Make an exact copy, from the records below, of the lines from the line containing "Угол 1 = углу" to the line containing "Dd and Dnd include", both lines included, excluding pictures.

_Data excerpts:_

---*---

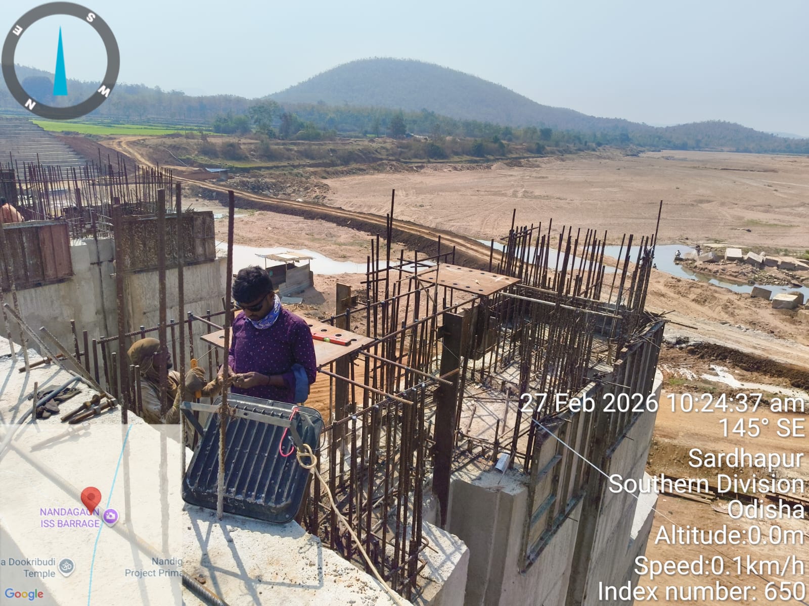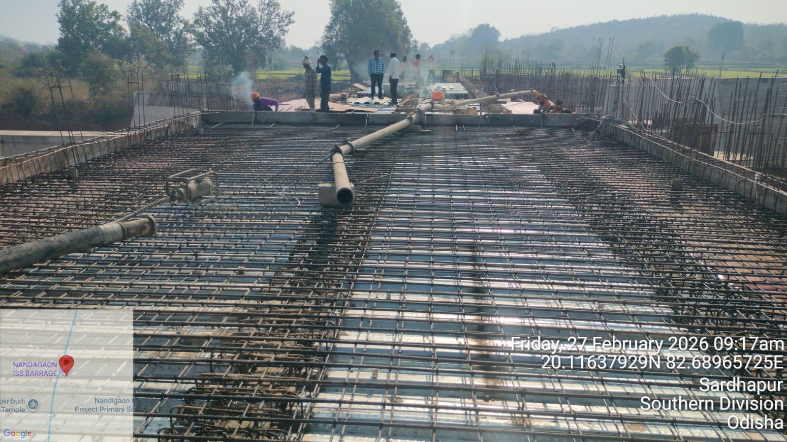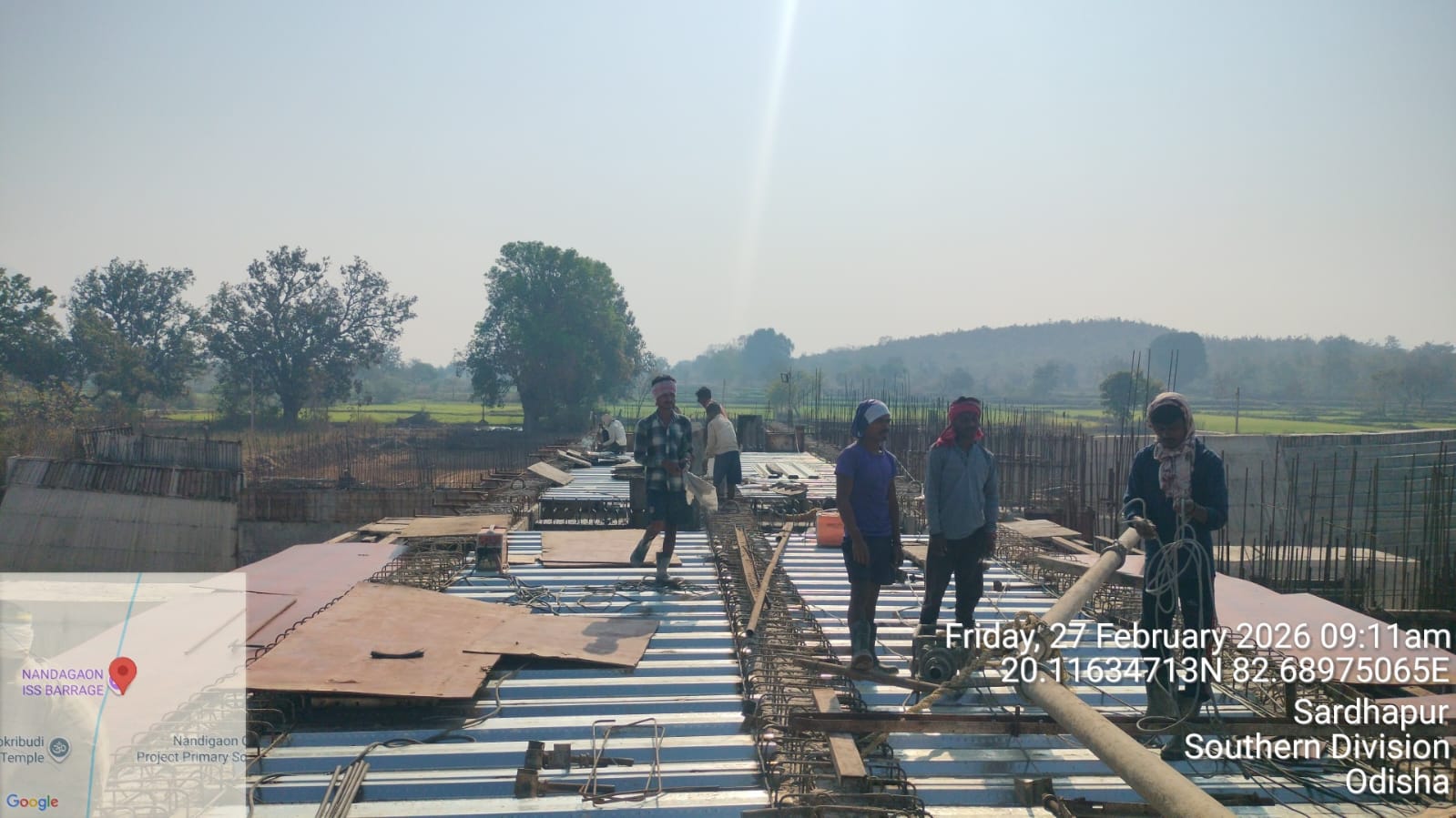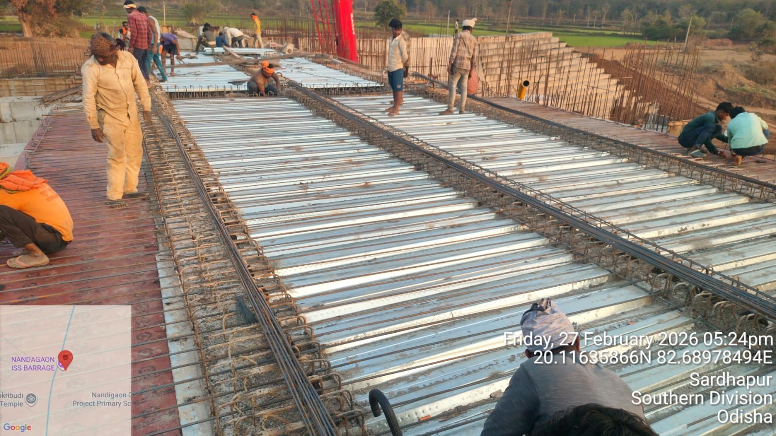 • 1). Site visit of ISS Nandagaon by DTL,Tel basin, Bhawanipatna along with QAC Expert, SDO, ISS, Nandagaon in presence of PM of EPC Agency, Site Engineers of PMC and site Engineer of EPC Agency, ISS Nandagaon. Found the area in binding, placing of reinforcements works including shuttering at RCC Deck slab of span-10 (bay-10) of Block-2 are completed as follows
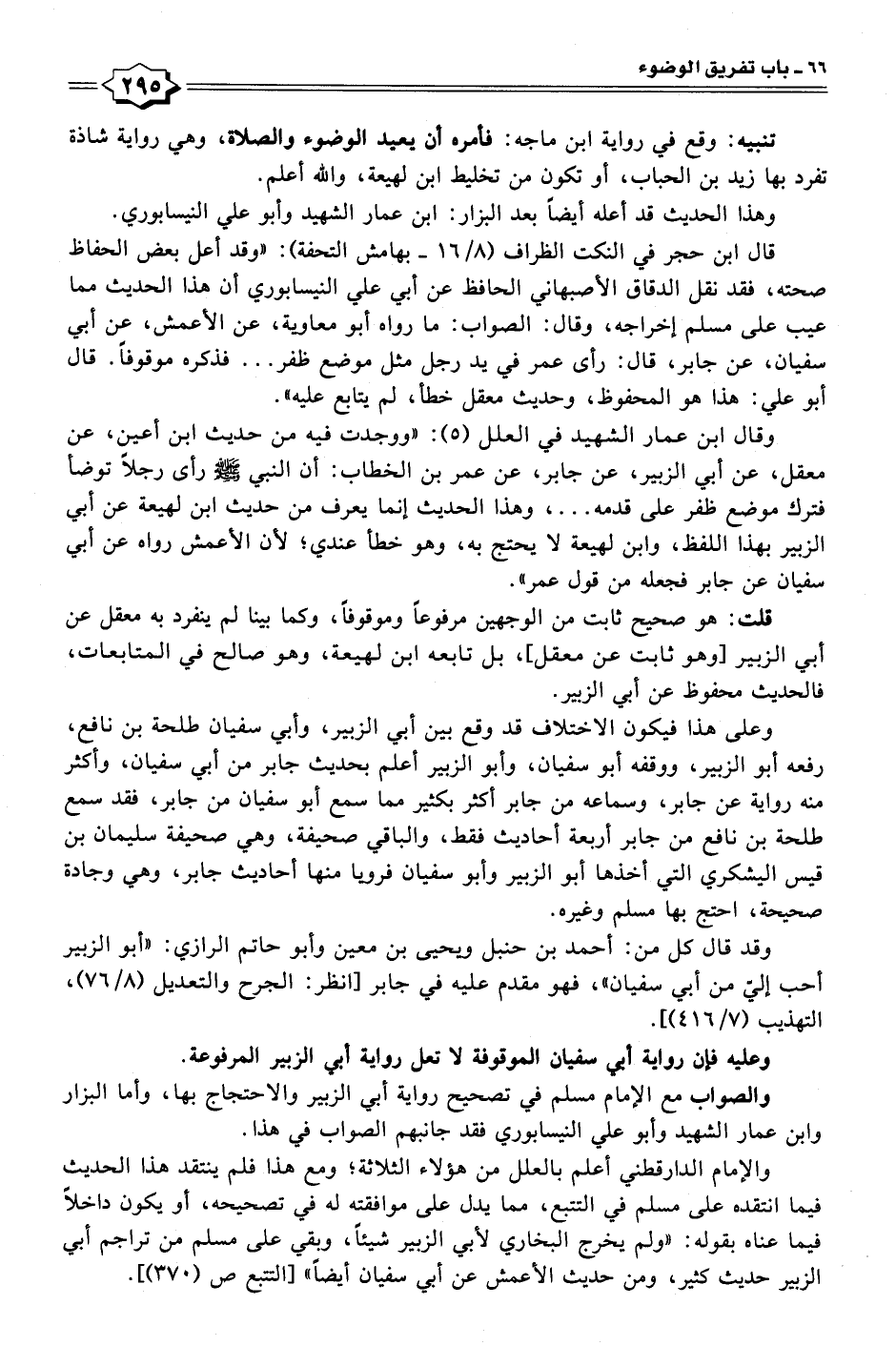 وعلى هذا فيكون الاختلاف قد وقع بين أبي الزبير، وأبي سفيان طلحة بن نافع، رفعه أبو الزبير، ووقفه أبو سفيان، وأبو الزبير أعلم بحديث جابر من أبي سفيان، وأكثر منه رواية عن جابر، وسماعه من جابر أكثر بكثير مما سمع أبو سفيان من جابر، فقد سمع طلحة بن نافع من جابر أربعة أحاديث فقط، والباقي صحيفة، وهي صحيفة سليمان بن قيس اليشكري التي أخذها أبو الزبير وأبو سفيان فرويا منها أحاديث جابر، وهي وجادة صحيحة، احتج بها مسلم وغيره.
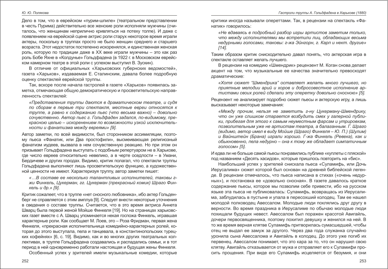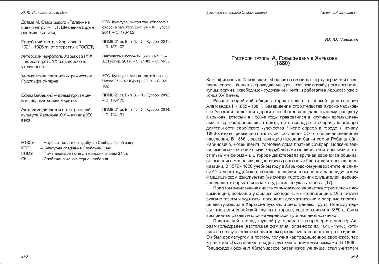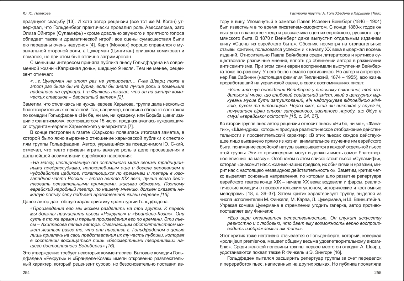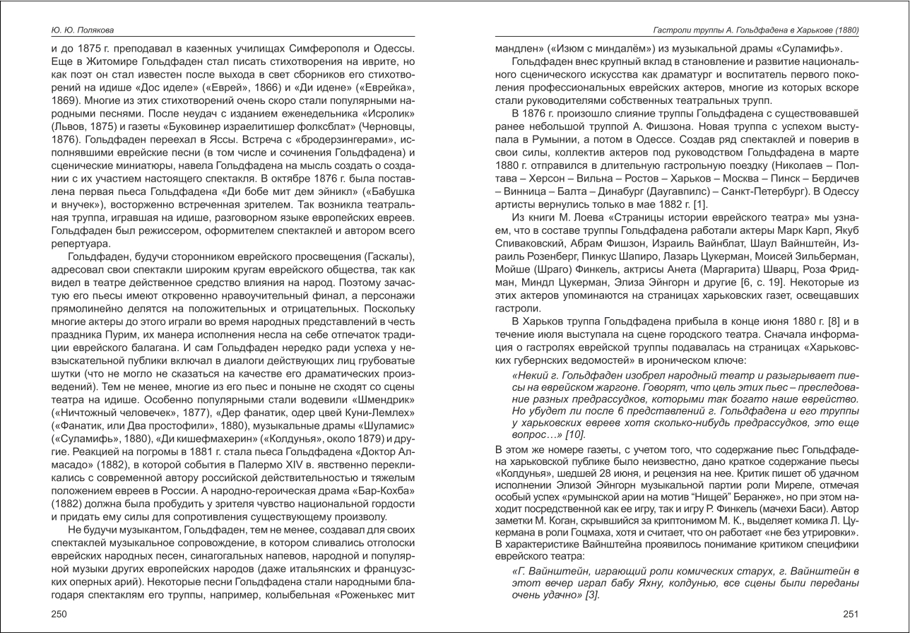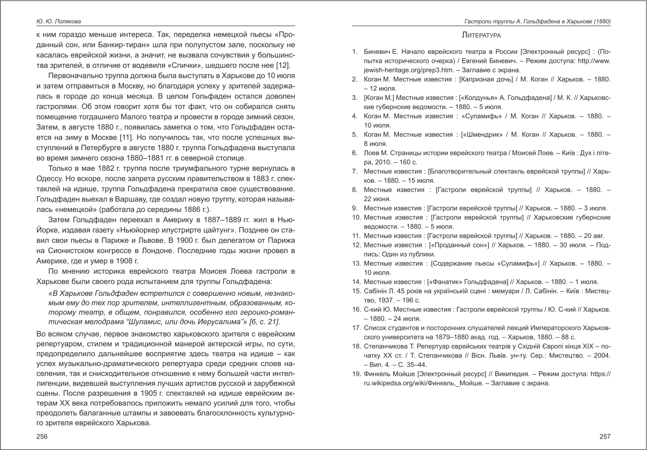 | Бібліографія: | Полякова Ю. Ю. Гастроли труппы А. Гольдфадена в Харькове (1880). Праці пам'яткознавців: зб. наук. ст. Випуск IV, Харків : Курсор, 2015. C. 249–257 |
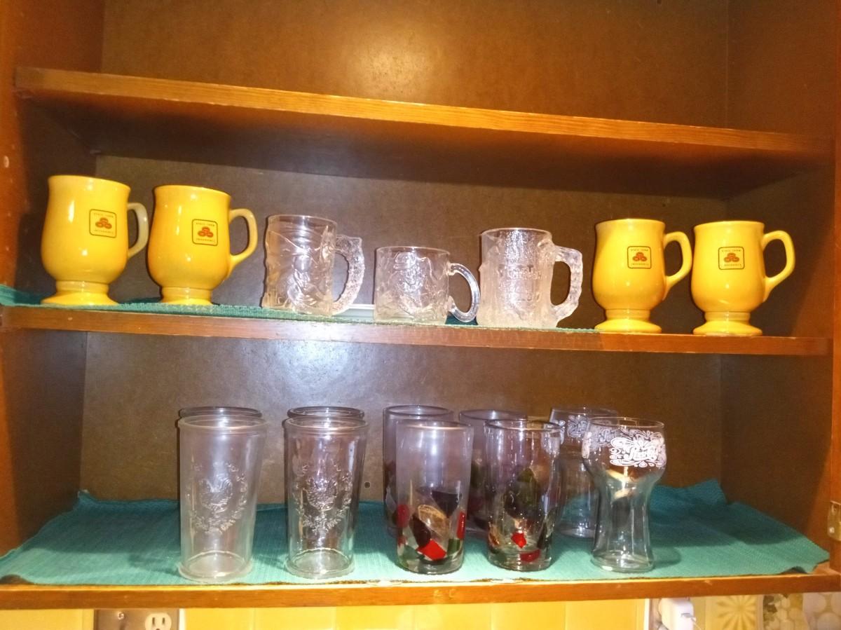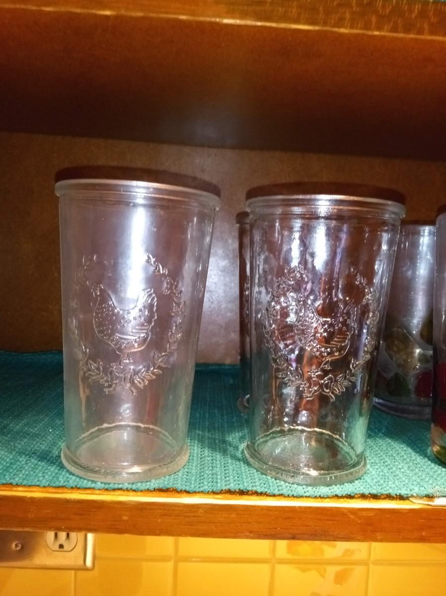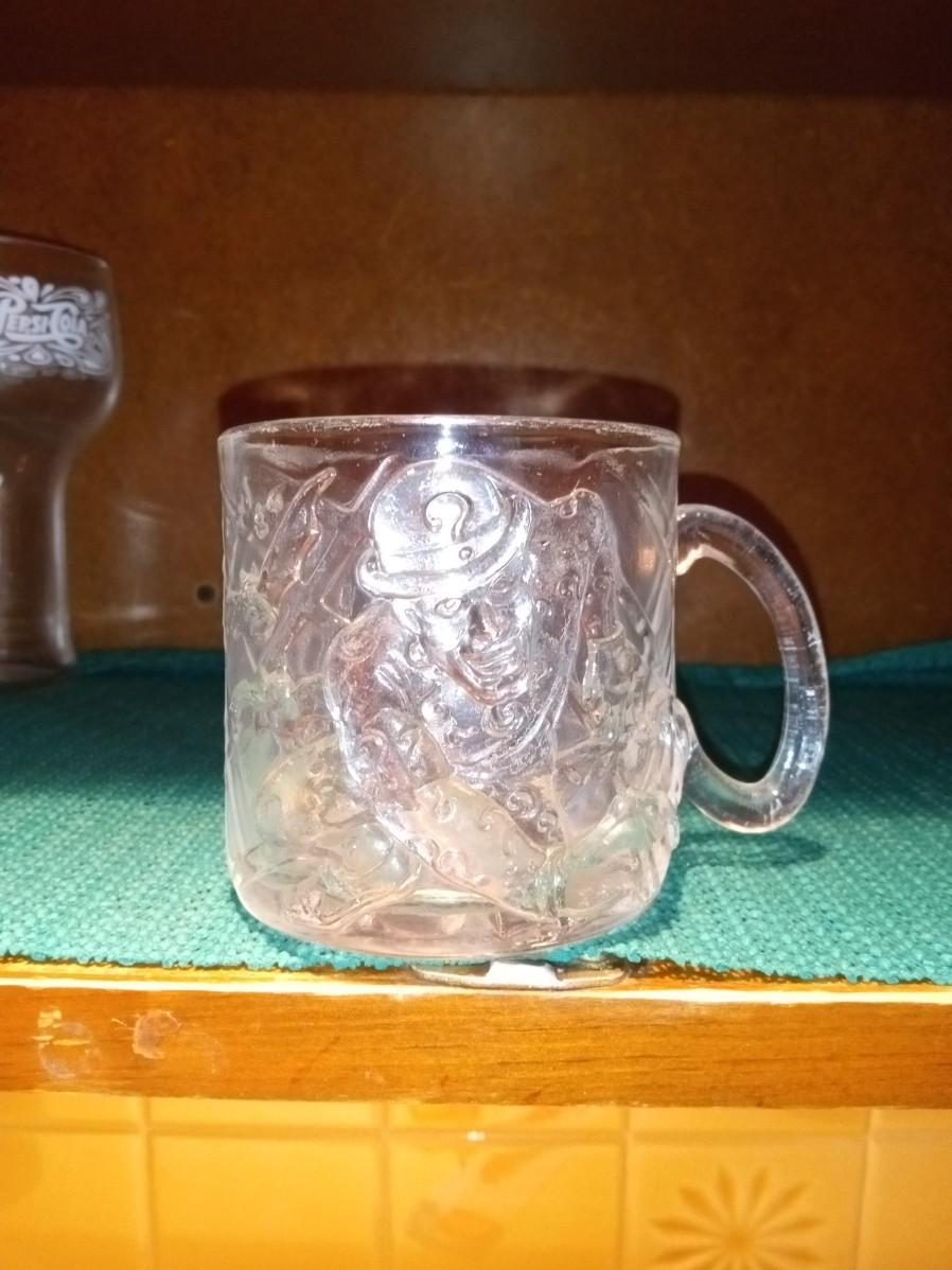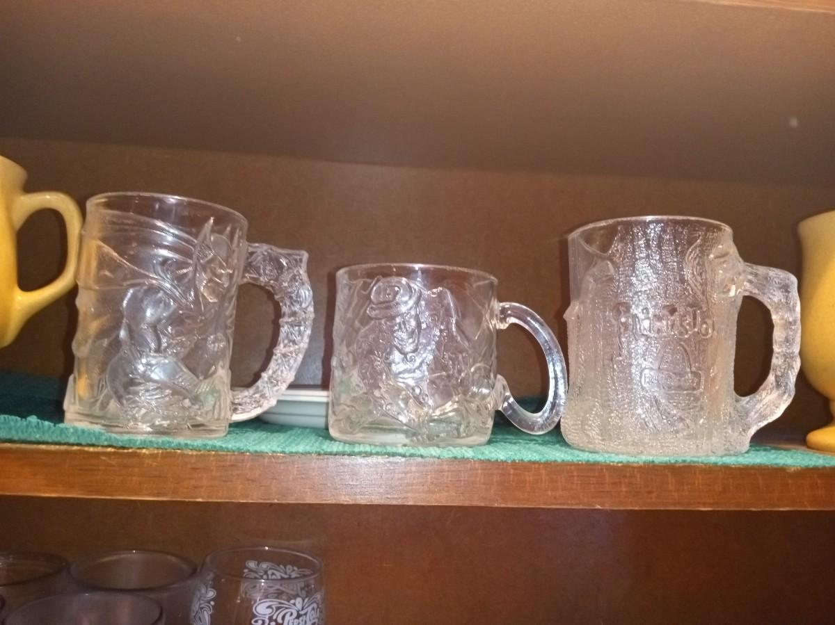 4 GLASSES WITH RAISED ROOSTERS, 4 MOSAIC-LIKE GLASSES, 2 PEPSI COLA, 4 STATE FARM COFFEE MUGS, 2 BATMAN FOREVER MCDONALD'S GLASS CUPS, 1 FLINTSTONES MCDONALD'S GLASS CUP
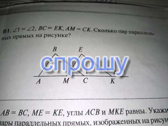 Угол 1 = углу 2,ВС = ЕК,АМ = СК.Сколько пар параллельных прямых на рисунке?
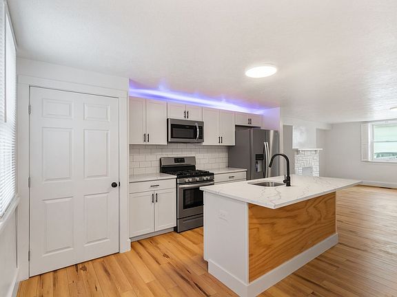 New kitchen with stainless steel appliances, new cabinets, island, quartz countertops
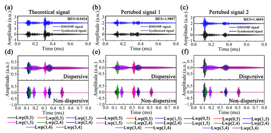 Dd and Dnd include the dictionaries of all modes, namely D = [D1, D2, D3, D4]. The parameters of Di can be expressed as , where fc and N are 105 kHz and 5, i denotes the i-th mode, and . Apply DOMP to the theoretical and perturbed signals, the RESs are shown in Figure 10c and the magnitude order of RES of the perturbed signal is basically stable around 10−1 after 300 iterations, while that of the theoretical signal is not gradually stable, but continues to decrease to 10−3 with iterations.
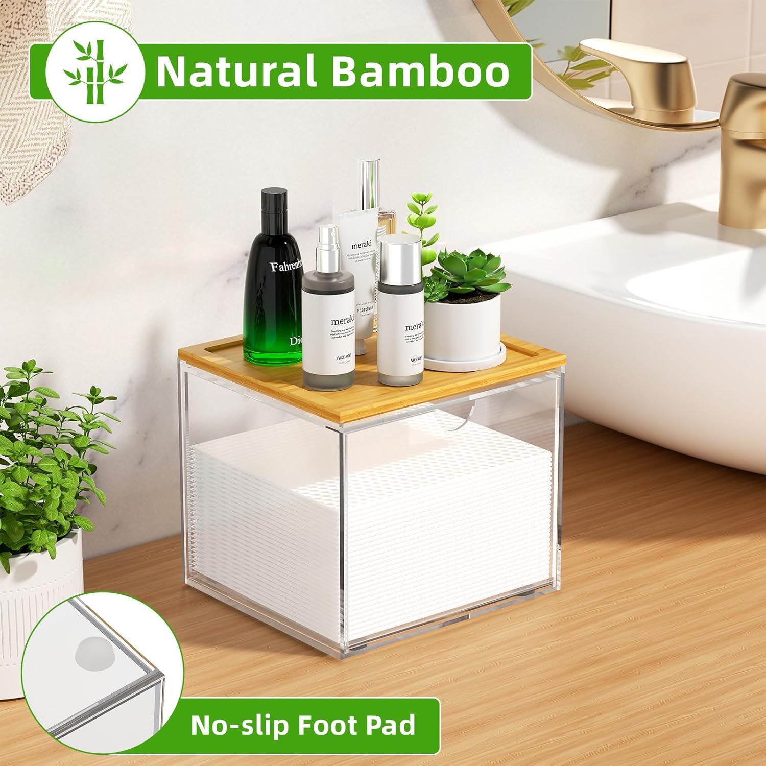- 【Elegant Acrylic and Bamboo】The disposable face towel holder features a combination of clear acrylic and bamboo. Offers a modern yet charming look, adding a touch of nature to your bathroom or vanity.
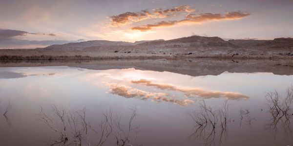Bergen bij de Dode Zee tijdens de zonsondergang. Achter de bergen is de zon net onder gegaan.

---*---

_TASK OUTPUT:_
 Угол 1 = углу 2,ВС = ЕК,АМ = СК.Сколько пар параллельных прямых на рисунке?
 New kitchen with stainless steel appliances, new cabinets, island, quartz countertops
 Dd and Dnd include the dictionaries of all modes, namely D = [D1, D2, D3, D4]. The parameters of Di can be expressed as , where fc and N are 105 kHz and 5, i denotes the i-th mode, and . Apply DOMP to the theoretical and perturbed signals, the RESs are shown in Figure 10c and the magnitude order of RES of the perturbed signal is basically stable around 10−1 after 300 iterations, while that of the theoretical signal is not gradually stable, but continues to decrease to 10−3 with iterations.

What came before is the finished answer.